It worked fine until today but now, when I run darknet training on my computer, it starts running for a little bit, but overflows before completing even one epoch. I watched the GPU?CPU memory and both are okay (little spike at the beginning but then normal until crash). I'm using AlexeyAB fork of darknet.
The error is :
v3 (mse loss, Normalizer: (iou: 0.75, obj: 1.00, cls: 1.00) Region 106 Avg (IOU: 0.000000), count: 6, class_loss = 13507.688477, iou_loss = 1962709219740518995334266880.000000, total_loss = 1962709219740518995334266880.000000
total_bbox = 5305, rewritten_bbox = 0.245052 %
seen 64, trained: 266 K-images (4 Kilo-batches_64)
Learning Rate: 0.001, Momentum: 0.9, Decay: 0.0005
Detection layer: 82 - type = 28
Detection layer: 94 - type = 28
Detection layer: 106 - type = 28
If error occurs - run training with flag: -dont_show
Resizing, random_coef = 1.40
608 x 608
try to allocate additional workspace_size = 1138.23 MB
CUDA allocate done!
Loaded: 0.000037 seconds
(next mAP calculation at 230 iterations)
131: 193631524938497389469106176.000000, 193631524938497389469106176.000000 avg loss, 0.001000 rate, 38.027819 seconds, 268288 images, -1.000000 hours left
*** buffer overflow detected ***: terminated
I saw multiple cases of this error and the problem came from the labels containing \r
. I checked my files with python and it was okay :
0 0.2846875 0.001953125 0.008125 0.00390625\n0 0.6734375 0.30859375 0.014375 0.1953125\n0 0.298125 0.626953125 0.01 0.16015625\n0 0.285625 0.912109375 0.0125 0.17578125\n
What can I do to correct the buffer overflow ?
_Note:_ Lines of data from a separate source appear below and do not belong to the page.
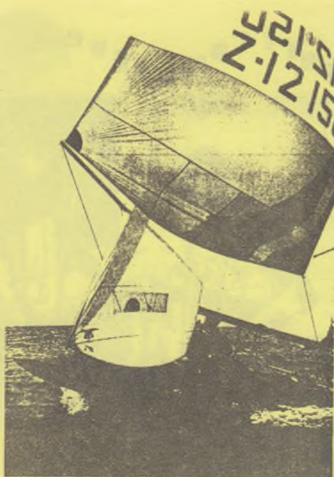
Munz / Enzler segeln zum Sieg in Vitrolles
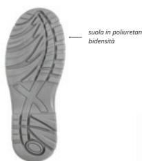
suola in poliuretano bidensità
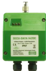
LRC 3 Control
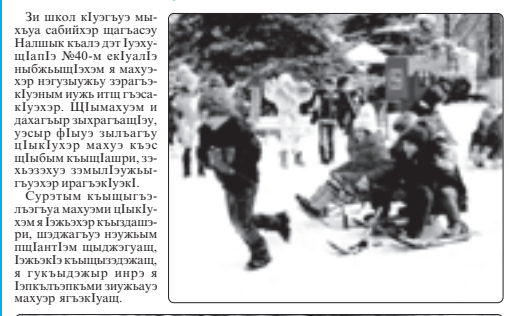
Сурэтхэр КЪАРЕЙ Эллиэ трихаш

Well I found what caused the error. When I trained the model, I made it save at every 10 epochs so that it would be easy to continue after a crash by simply inputting the last calculated weights as starting point. The last weights were causing the problem. When I changed the starting file, it worked fine again.